Figure 2: Diagrams of block stacks which have a stable height of 3. (a) and (b) are stable. In (c), the fourth block will fall down because a spherical block cannot support other blocks. In (d), the fourth and higher blocks would fall down because their centre of mass is not supported by the blocks below.
To build a stable stack, each block must be placed on a flat surface and the centre of mass of the block must be supported by the surface below. In unstable stacks, there is exactly one block placement that violates these rules. In all scenes, the bottom block of the stack is guaranteed to be stably placed, so the stable height of the stack cannot be less than 1.
You may use the provided training images however you wish to train your model. We have also provided some metadata for the training images, which you can use to help train or evaluate methods. You are allowed to use pretrained features, data augmentation, or supplemental images or data as part of your method. However, your solution must not use any of following:
-
Additional images, supplemental data, or metadata from the ShapeStacks dataset which were not provided with this assignment
-
Any models which were pretrained on the publicly-released ShapeStacks dataset
This assignment uses a custom train/test split of the dataset, so if you use the full public dataset or pretrained models, your method will be trained, in part, on the Kaggle test set. Any submitted method which involves training on the test set (or simply looking up the ground truth labels for the Kaggle test set) will be considered cheating and will receive 0 marks.
-
Please place the train.csv, test.csv, test folder, train folder in the same dir as this juypter notebook.
-
Project purpose: Design a method to predict the stability of a stack of blocks from a single image.
Execute the first 8 code cells of the jupyter notebook in order
This includes importing training and test data, data preprocessing in the first stage, and data splitting and preprocessing in the second stage.
- Execute vitmodel, inceptionv4model, resnetmodel and mobilemodel.
- Execute loss function weight allocation
- Execute function stable_height_validate(model, eval_loader), used to evaluate the performance of the model on the validation set
- Perform different model training in sequence
- Execute function modeltraining(model,savepath,log) for each model in turn. Note that savepath is the weight of the saved model, and log is the data result of the training model (on tensorboard)
- Execute function modelpredict(model, save_path) for each model in turn:
- Input %load_ext tensorboard and %tensorboard --logdir=runs to open tensorboard to view the training and validation results of all models.

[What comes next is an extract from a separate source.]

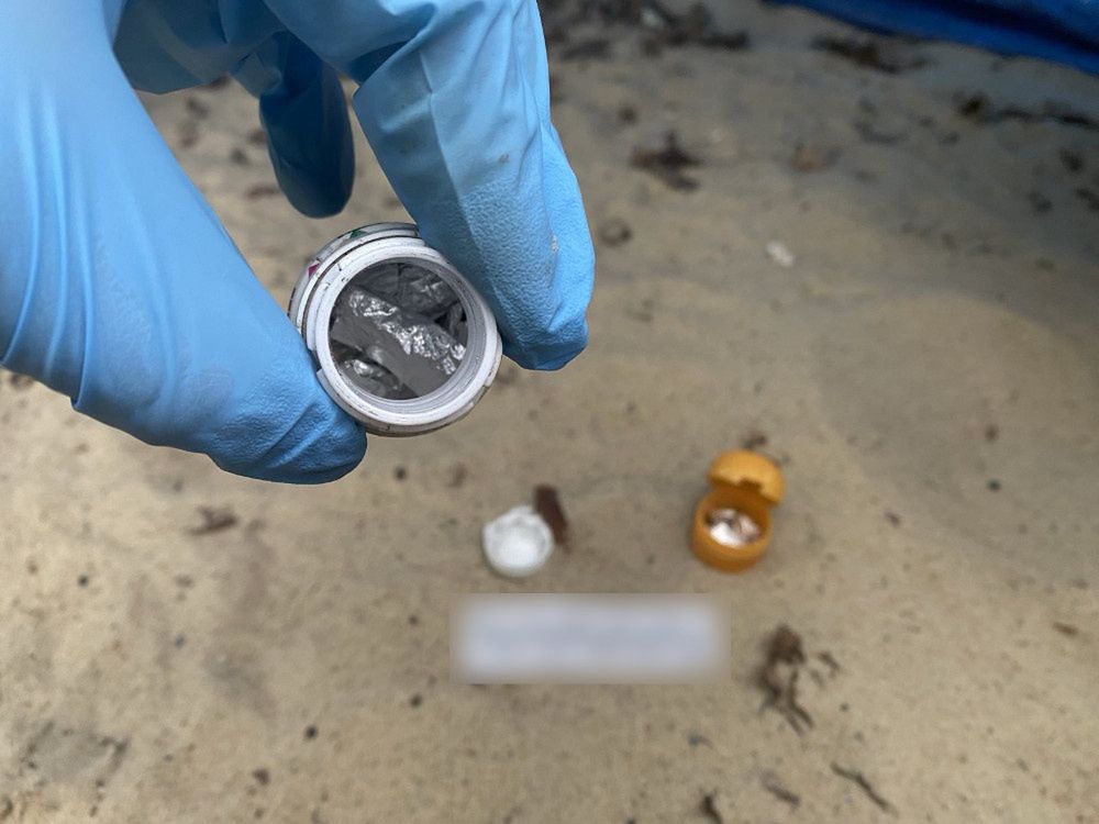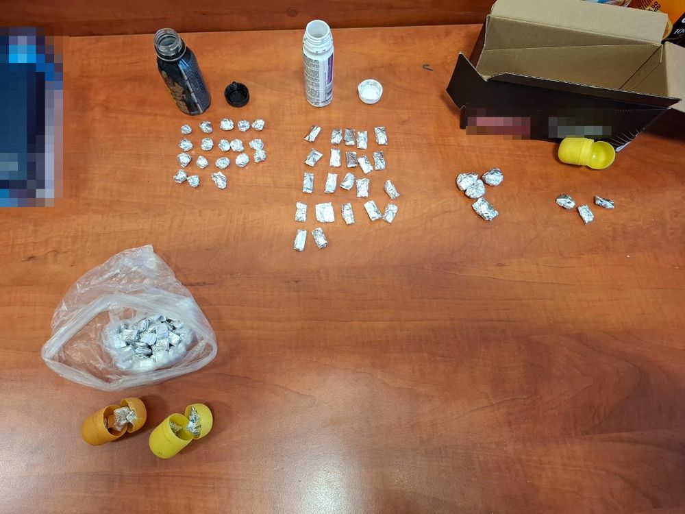 Policjanci zabezpieczyli ich telefony komórkowe oraz kilka tysięcy złotych. Następnie szczegółowo przeszukali podwórze. W piaskownicy znaleźli woreczek foliowy, w którym było ponad 40 zawiniątek z beżowym proszkiem, dwa plastikowe jajka zawierające kilkanaście zawiniątek z białą i beżową substancją, butelkę plastikową, w której ukrytych było kolejnych 18 zawiniątek z folii aluminiowej i białym proszkiem i pojemnik plastikowy zawierający 22 zawiniątka z białym proszkiem. Kolejne poporcjowane już narkotyki policjanci znaleźli w koszu na śmieci.

- Execute model1 as instability_type_model
- Training model1
- Execute model2 and use model2 to define type_0_model, type_1_model, type_2_mode
- Train three models separately
- Execute function predict(model, save_path) to predict the instability type for each test image
- Execute function predict(model, save_path, loader) to predict the stable height for each type
- Combine the prediction results of each type and sort them according to the order of the ids in test dataset
All experiments can be completed by executing jupyter notebook in sequence
[1] O. Groth, F. B. Fuchs, I. Posner, and A. Vedaldi, “Shapestacks: Learning vision-based physical intuition for generalised object stacking,” in Computer Vision – ECCV 2018, V. Ferrari, M. Hebert, C. Sminchisescu, and Y. Weiss, Eds. Cham: Springer International Publishing, 2018, pp. 724–739.